In a future air domain contested by adversaries, a single human pilot can increase lethality by effectively orchestrating multiple autonomous unmanned platforms from within a manned aircraft. This shifts the human role from single platform operator to mission commander. In particular, ACE aims to deliver a capability that enables a pilot to attend to a broader, more global air command mission while their aircraft and teamed unmanned systems are engaged in individual tactics.
As of now, the next step will be a real dogfight between an AI-controlled UAV and a manned aircraft next year, as said by Lt. Gen. Jack Shanahan, then director of the Joint Artificial Intelligence Center, during a virtual event at the Mitchell Institute for Aerospace Studies. Our friends at The War Zone reported that the program, in development by the Air Force Research Laboratory’s (AFRL) Autonomy Capability Team 3 (ACT3), is called R2-D2, a reference to the famous droid from the Star Wars franchise.

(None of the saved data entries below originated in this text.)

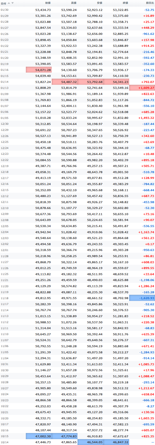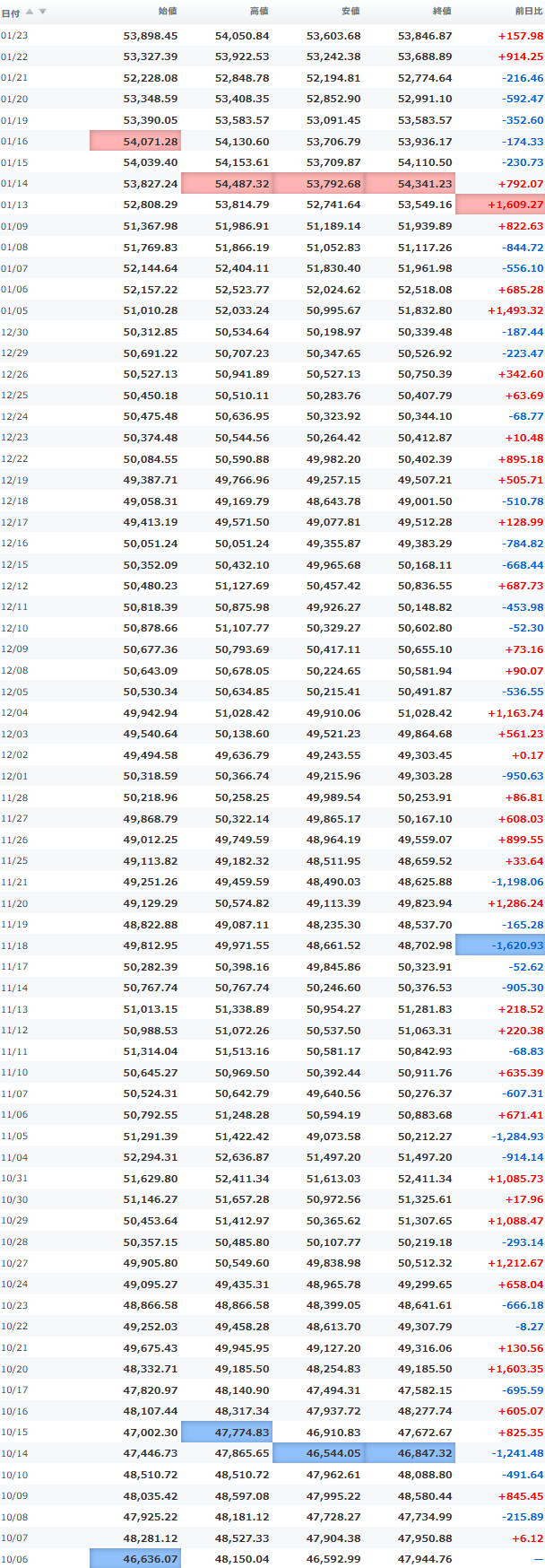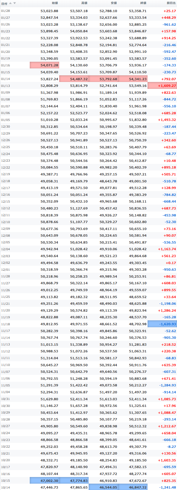一時安値52,920円、前日比で860円安にまで突っ込む場面もあったが、結局こちらも元鞘に。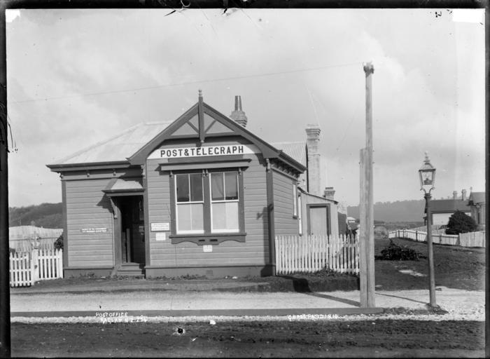 | Keywords: blackandwhite monochrome outdoor photo border black and white Raglan Post Office. A wooden building, with sign "Post & Telegraph" above the window. There is a street lamp on the right, and a sign to the left of the front door "Agency of the Government Life Insurance Department". Taken 1910 by 'G Bros', probably Gilmour Brothers of Raglan. Inscriptions: Inscribed - Photographer's title on negative -bottom left: Post Office. Raglan. N.Z. 254bottom right: G. BROS. PROTD 1.8.10 . Quantity: 1 b&w original negative(s). Physical Description: Dry plate glass negative 4.5 x 6.5 inches Gilmour Brothers (Firm). Raglan Post Office, 1910 - Photograph taken by Gilmour Brothers. Price, William Archer, 1866-1948 :Collection of post card negatives. Ref: 1/2-000382-G. Alexander Turnbull Library, Wellington, New Zealand. natlib.govt.nz/records/22813974 Raglan Post Office. A wooden building, with sign "Post & Telegraph" above the window. There is a street lamp on the right, and a sign to the left of the front door "Agency of the Government Life Insurance Department". Taken 1910 by 'G Bros', probably Gilmour Brothers of Raglan. Inscriptions: Inscribed - Photographer's title on negative -bottom left: Post Office. Raglan. N.Z. 254bottom right: G. BROS. PROTD 1.8.10 . Quantity: 1 b&w original negative(s). Physical Description: Dry plate glass negative 4.5 x 6.5 inches Gilmour Brothers (Firm). Raglan Post Office, 1910 - Photograph taken by Gilmour Brothers. Price, William Archer, 1866-1948 :Collection of post card negatives. Ref: 1/2-000382-G. Alexander Turnbull Library, Wellington, New Zealand. natlib.govt.nz/records/22813974 |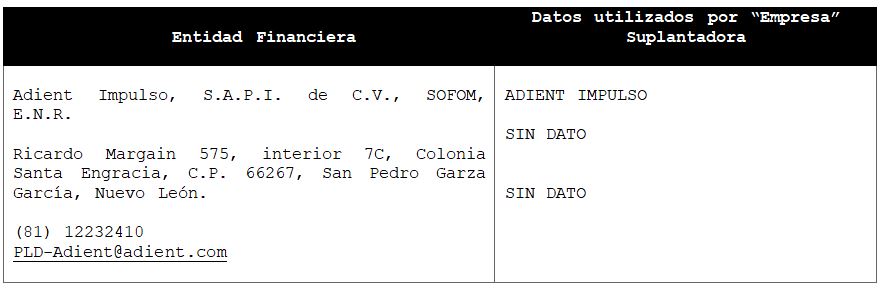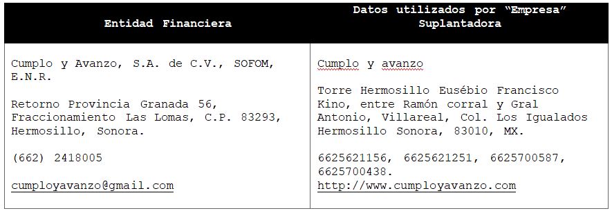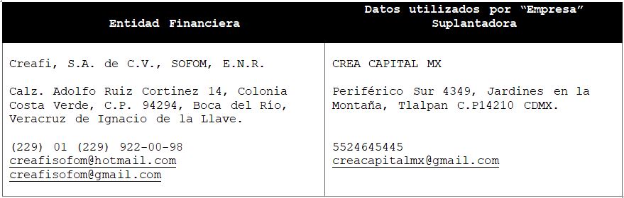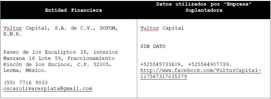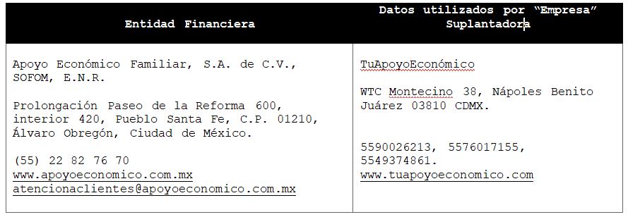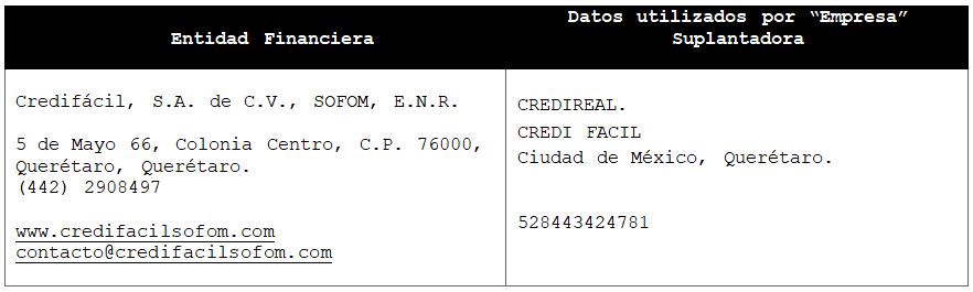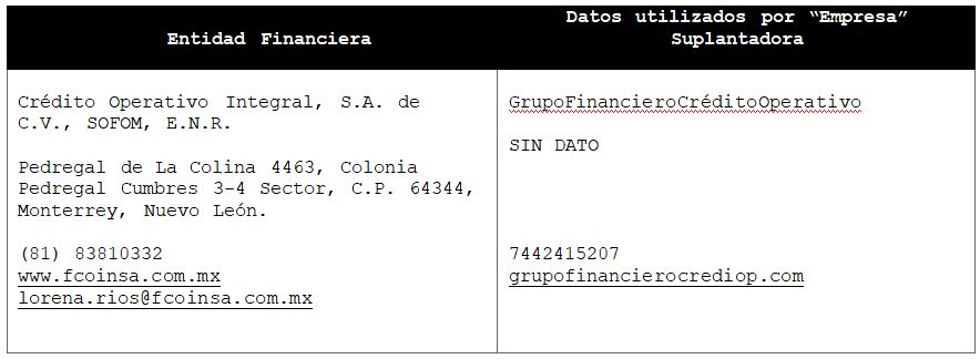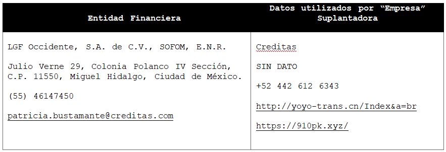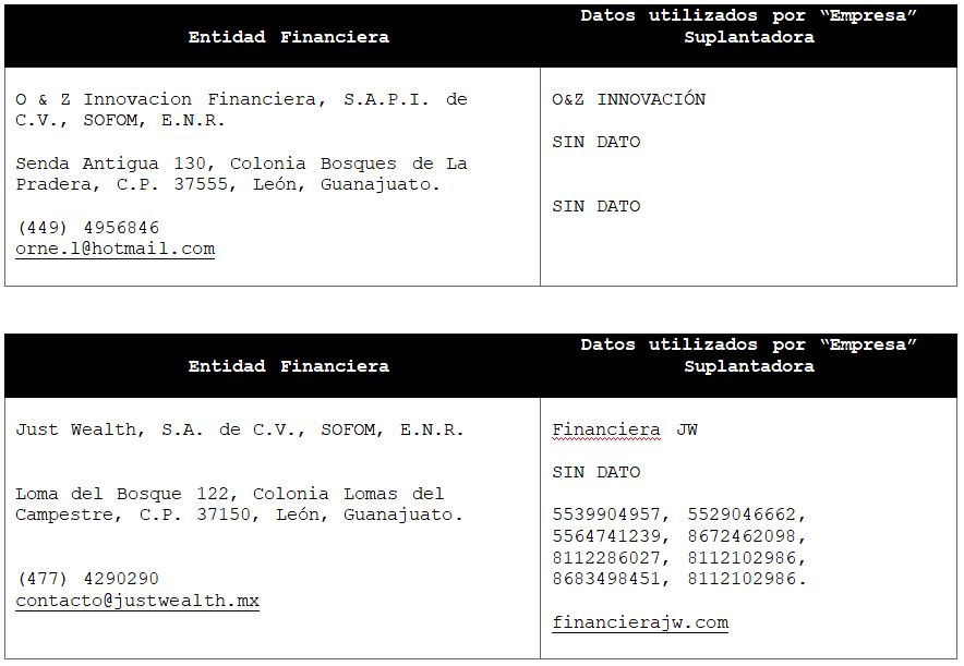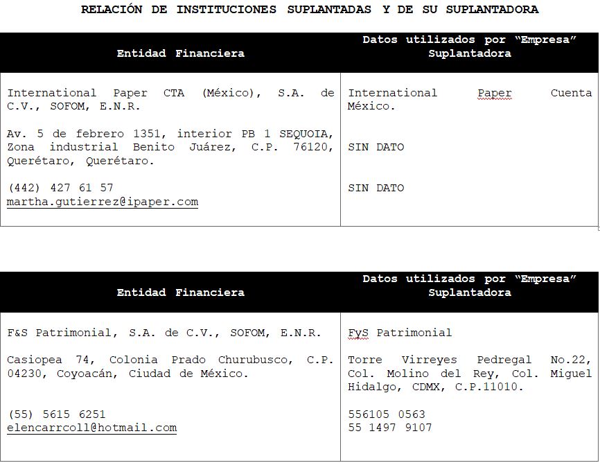 La Comisión Nacional para la Protección y Defensa de los Usuarios de Servicios Financieros (CONDUSEF) informa a la población los nombres de las instituciones financieras afectadas por la suplantación de su denominación comercial e incluso de algunos de sus datos fiscales o administrativos, con los cuales personas sin escrúpulos tratan de engañar a interesados en contratar algún crédito o seguro, conforme a lo siguiente:

Timothy Grayson, director of the Strategic Technology Office at DARPA, said that the AlphaDogfight trial as a victory for better human and machine teaming in combat, without necessarily replacing human pilots, but rather integrating them, reducing their workload so they can focus on more important tasks: “I think what we’re seeing today is the beginning of something I’m going to call human-machine symbiosis. Let’s think about the human sitting in the cockpit, being flown by one of these AI algorithms as truly being one weapon system, where the human is focusing on what the human does best [like higher order strategic thinking] and the AI is doing what the AI does best.”
In the end, we are probably decades away from replacing human pilots with AI, but we may be much closer to have a manned fighter manage supporting drones working at their side, running dangerous, complementary missions, in a loyal wingman scenario.